The thing is, ADHD is real, and it can affect impulse control. ADHD can also make social cues harder to read.

But ADHD is not an excuse for sexualised comments or misogyny.

And rulings like this risk creating a narrative that harms both women in the workplace and neurodivergent people who are trying to be taken seriously.

On top of all this — and probably what frustrates me the most — rulings like this risk reinforcing the eye-rolling scepticism that already exists in some senior ranks. The quiet dismissal that neurodivergence is just another “excuse” rather than something police forces genuinely need to understand.

And that matters.

Because the need for proper education on ADHD in policing is very real. If forces continue to ignore it, they won’t just face cultural problems — they’ll face increasing numbers of staff and officers in employment tribunals.

I see this first-hand.

The monthly ADHD police support group I host with Dr Miriam Mavia-Zajac regularly highlights just how desperate officers and staff are for their superiors to understand ADHD properly. Not as a 30-minute tick-box PowerPoint exercise, but as a genuine attempt to understand how neurodivergent brains function in high-pressure environments.

The Narrative This Creates

When cases like this hit the headlines, the message the public receives is very simple:

“ADHD made him do it.”

But that framing is really bloody problematic.

It feeds the idea that neurodivergence is a get-out-of-jail free card for behaviour that makes women uncomfortable at work. It baffles me that anyone would use it as an excuse - I find it embarrassing for every hard working, highly intelligent person who manages to do life without being a pest.

It also reinforces a damaging stereotype — that people with ADHD are incapable of understanding boundaries or controlling their behaviour. That narrative harms everyone.
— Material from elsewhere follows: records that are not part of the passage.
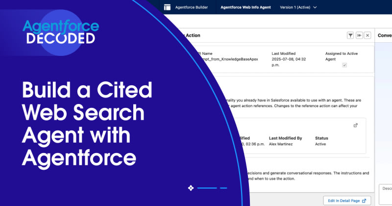Learn how to build an AI agent using Salesforce's Agentforce that performs web searches and provides cited answers. The tutorial covers setting up prompt templates in Prompt Builder, creating Apex classes that connect to the Connect API, and configuring agent topics to handle web information retrieval with proper citations.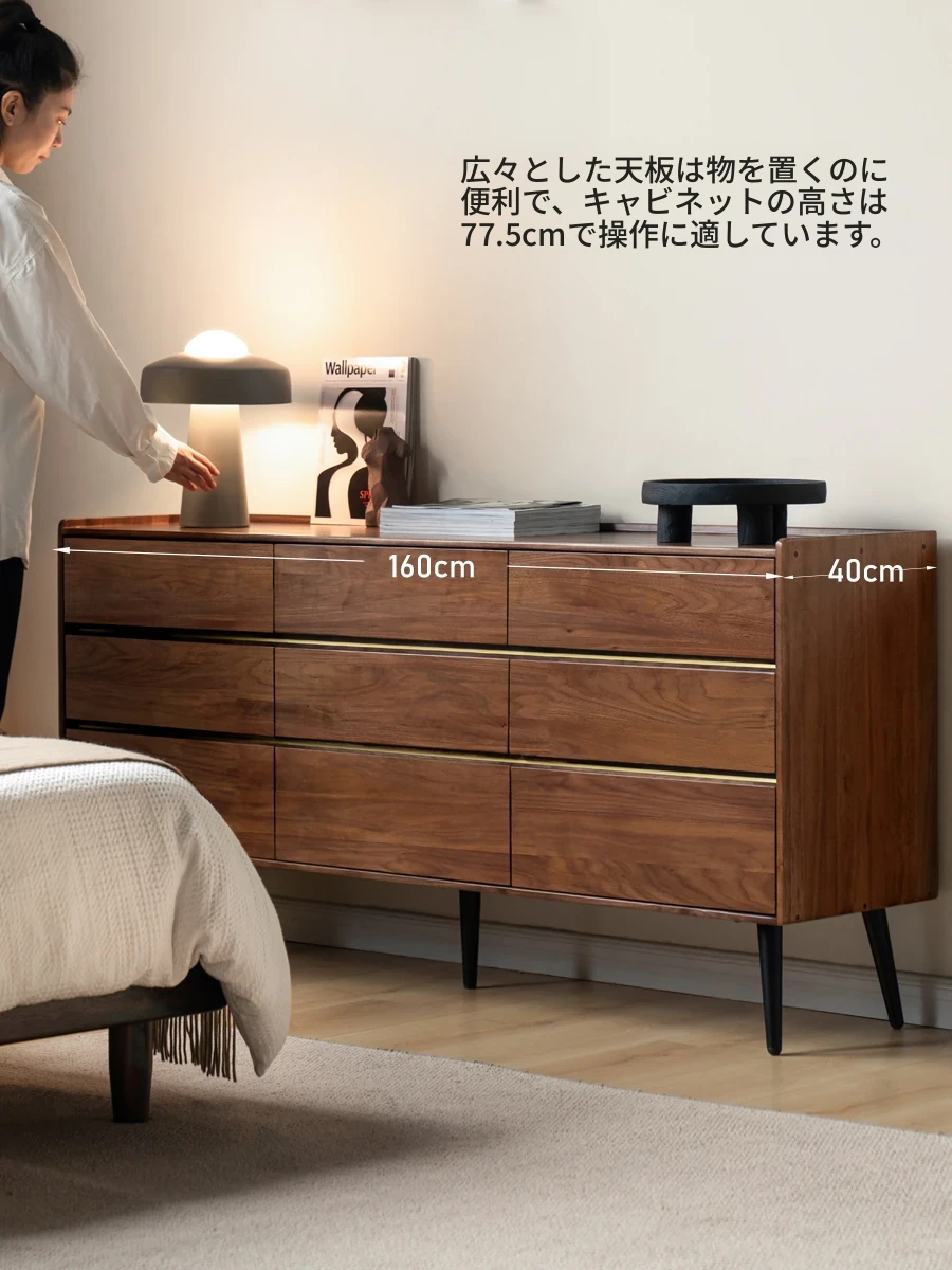 源氏木语のシンプルな無垢材引き出しキャビネット|クールなウィールナッツ素材で、壁にぴったりフィット!|寝室&家庭用の収納スペースに最適で、おしゃれで実用的な収納ソリューション!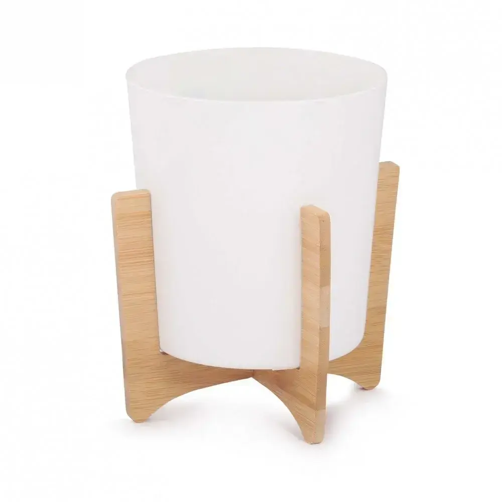Горшок из морозостойкого пластика (1.8 л) устойчив к перепадам температур, а деревянная подставка обработана защитным составом. Совместим с системами автополива. Диаметр основания: 14 см, высота конструкции: 18 см.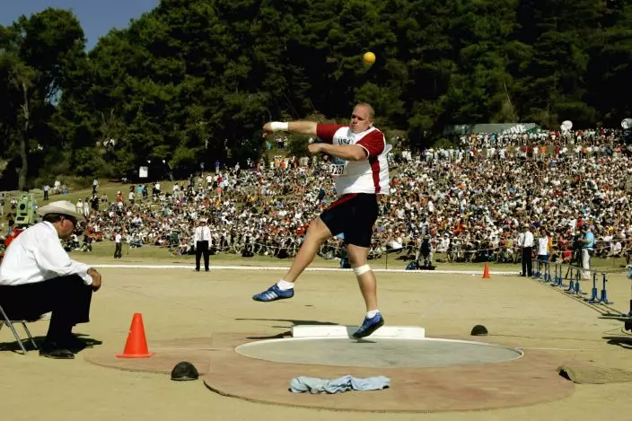 FILE - In this Aug. 18, 2004, file photo, John Godina, of the United States, makes a qualifying throw during the Athens 2004 Olympics men's shot put qualification round in Olympia, Greece. The men's and women's shot put was held in the ancient stadium where the original games were played. (AP PhotoJulie Jacobson, File)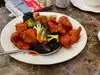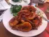 The evening we went it was packed with people outside. You get a number and there are chairs outside to sit on. The staff efficiently get people in and at a table, chances are you will be sitting with strangers. Strike-up a conversation, we did with a nice gent from Texas. Back to the food, we had Prawns in citrus and plum sauce shrimp and chicken. The Prawns were good but the sauce a bit bland. The plum sauce was better. The shrimp, prawns and chicken were all excellent - cooked just right.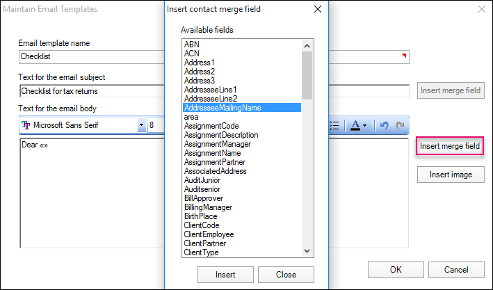 Click the Insert merge field button. The Insert contact merge field window opens.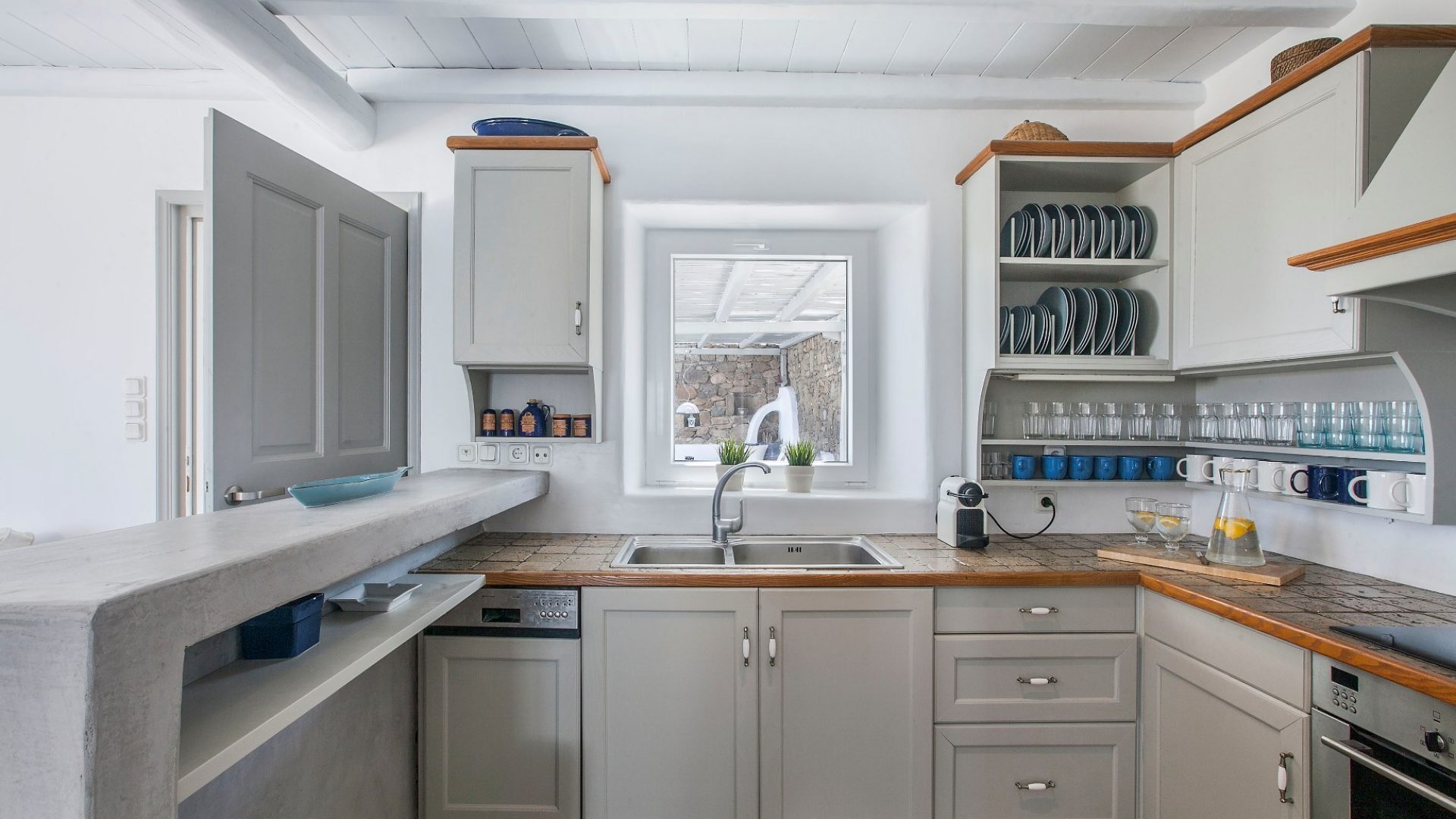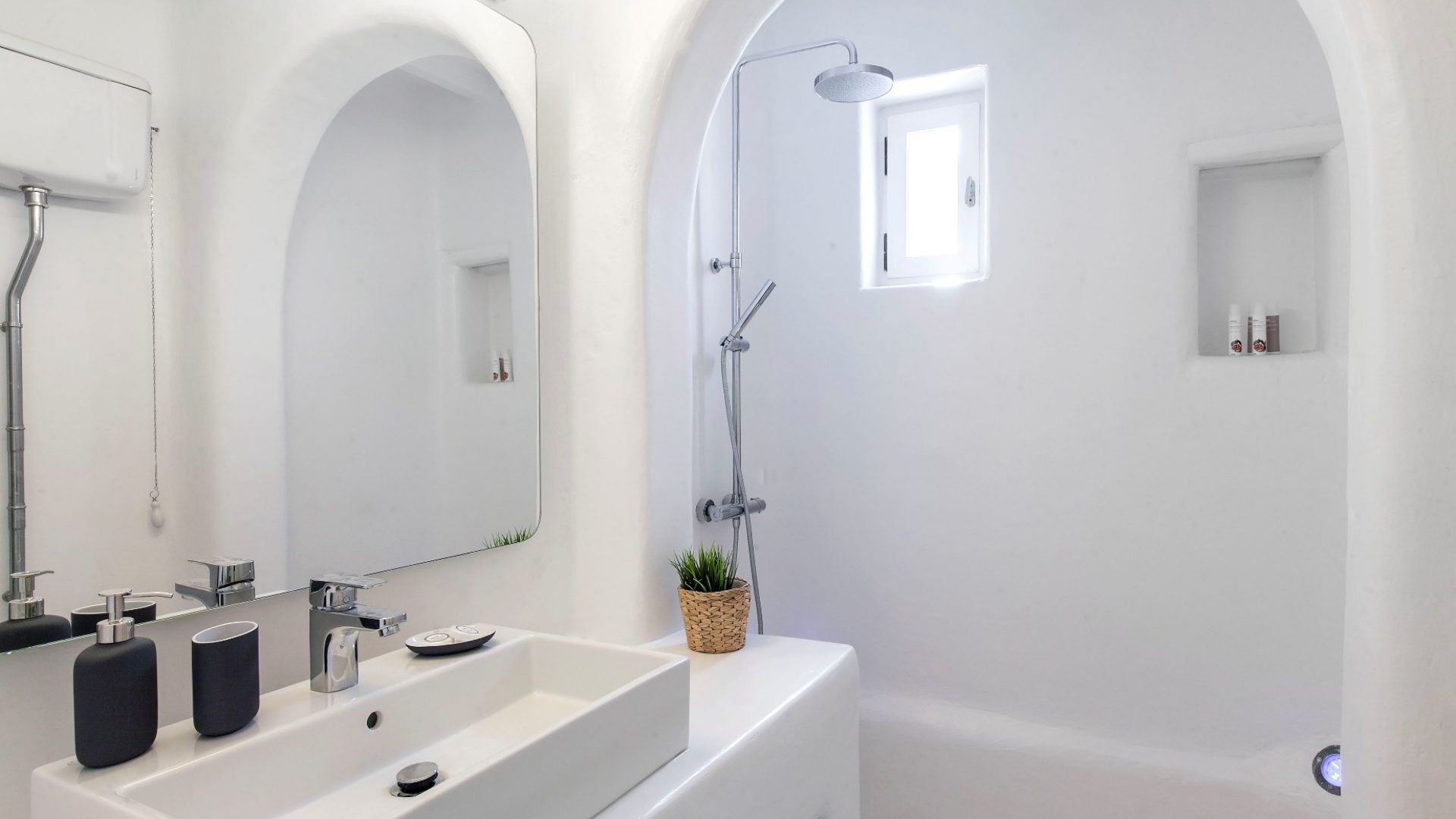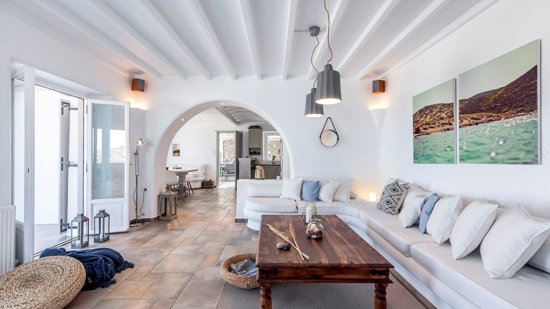 The flexible sleeping arrangements make it a breeze for parents with children or couples travelling without to find their private space in this gorgeous villa. The purity of the white walls inside and out lends the structure a dream-like, ethereal feeling with modern yet minimalist furniture and finishes throughout. Arches and double-pane windows and patio doors grace the villa and let welcome sunshine in, while enjoying a warm awakening.

It undermines the experiences of women who are trying to speak up about inappropriate behaviour, and it fuels scepticism towards neurodivergence at a time when workplaces are only just beginning to understand it.
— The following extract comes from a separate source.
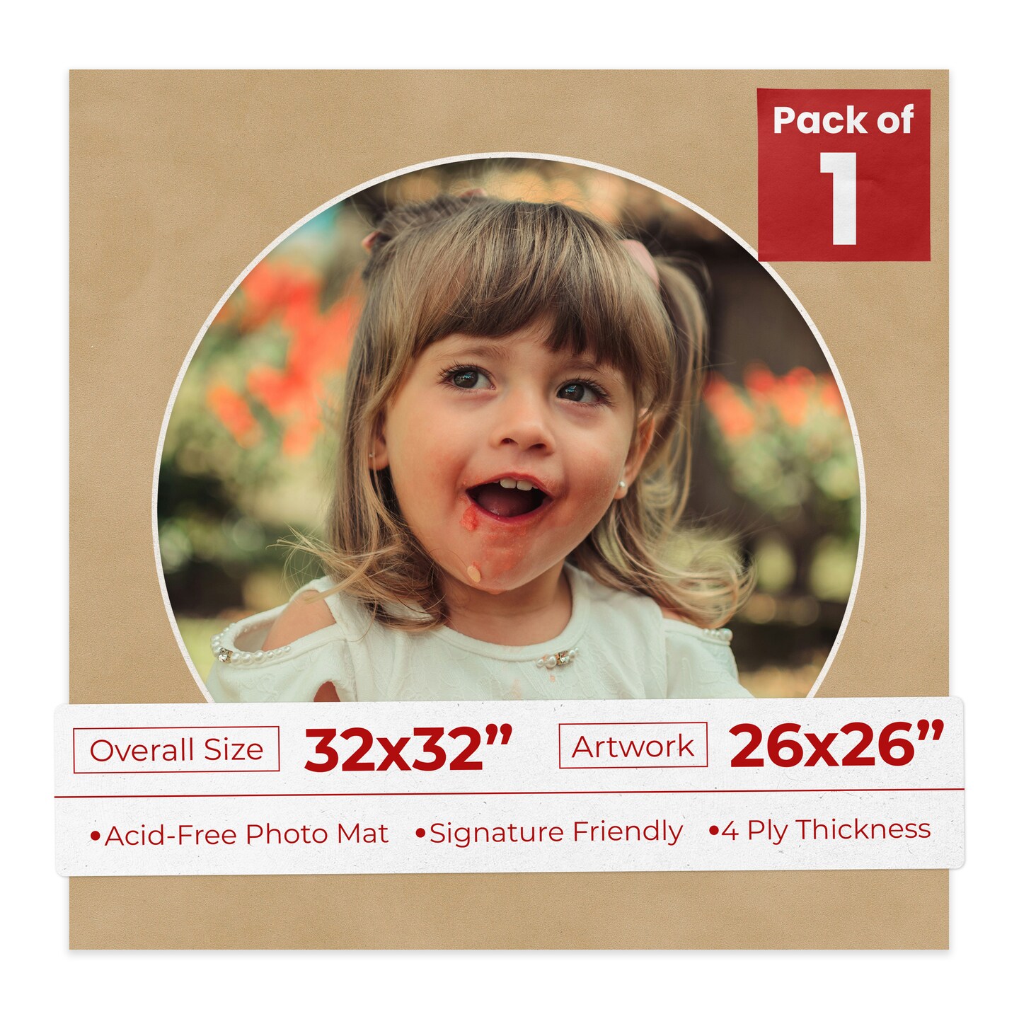 Beige Suede Mat Board for 32x32 Frames - Circle Opening for 26x26 Photos

And that scepticism already exists in professions like policing, where conversations about behaviour, accountability, and culture are often far more complicated than a headline can capture.
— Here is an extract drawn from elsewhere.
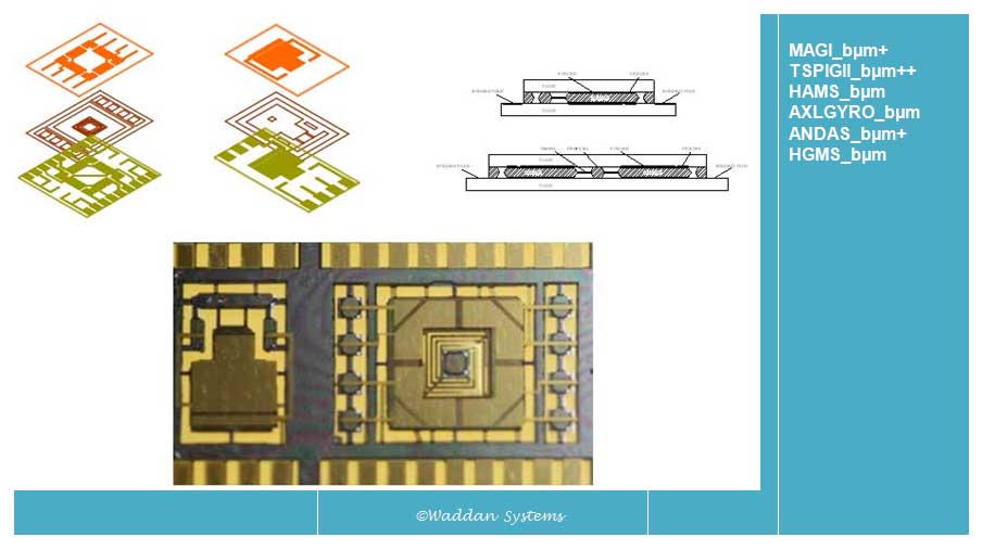 This type of sensors are made by etching off material from a substrate. The above picture shows Waddan's Axlgyro machined out of <100> silicon substrate, and is sandwiched between two Pyrex glass plates.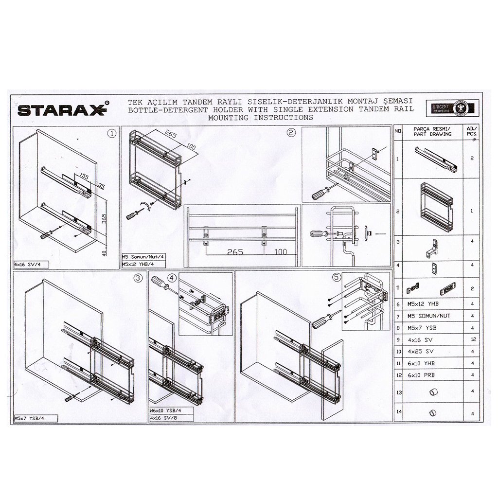 Výsuvný drôtený kôš STARAX s dvoma policami je ideálnym riešením pre úložný priestor v kuchyni. Navrhnutý pre pohodlné uloženie fľašiek, saponátov či drobností, tento kôš sa vysúva spolu s čelom skrinky, čo zaručuje jednoduchý prístup k uloženým predmetom. Výsuvný systém Tandem od BLUM s tlmeným dovieraním zabezpečuje hladký a tichý pohyb, ideálny pre každodenné použitie.

My Perspective from Inside Policing

Having worked in policing for years, there were two things I saw repeatedly when it came to conversations about ADHD and behaviour.

The first was simple reality: senior leaders are often dealing with constant structural change. Policing is an environment where priorities shift rapidly, departments restructure, and operational demands never slow down. In that context, ADHD training rarely makes it onto the list of urgent issues that need attention.

The second issue is misunderstanding.

For many officers and leaders, the main exposure they have had to ADHD is through custody suites and courtrooms — hearing it raised as a factor in criminal behaviour. When that is your primary point of reference, it is easy to start viewing ADHD not as a neurological difference, but as an “excuse” people use to avoid responsibility.

And that misunderstanding carries into workplace culture.

Policing is a profession that deals with extremely dark realities — violence, trauma, and human suffering. Dark humour and banter are often part of how officers cope with that reality and support each other through difficult work.

For the most part, it comes from a place of camaraderie.

The vast majority of officers and staff I worked with were good people doing their best to support their colleagues and get through demanding jobs.

But like in any workplace, there are always a few individuals who push boundaries too far. When that happens, it is not a reflection of the entire culture — but it does highlight why clear boundaries and better understanding are still needed.

Because supporting neurodivergent employees and maintaining professional standards should never be seen as opposing goals.

They are both part of building a workplace where people can do difficult jobs without harming each other in the process.

ADHD and Impulse Control — What It Actually Means

ADHD can affect impulse control. That part is true. People with ADHD can interrupt without meaning to. They might speak before fully thinking something through, or say something socially awkward because their brain moves faster than the conversation.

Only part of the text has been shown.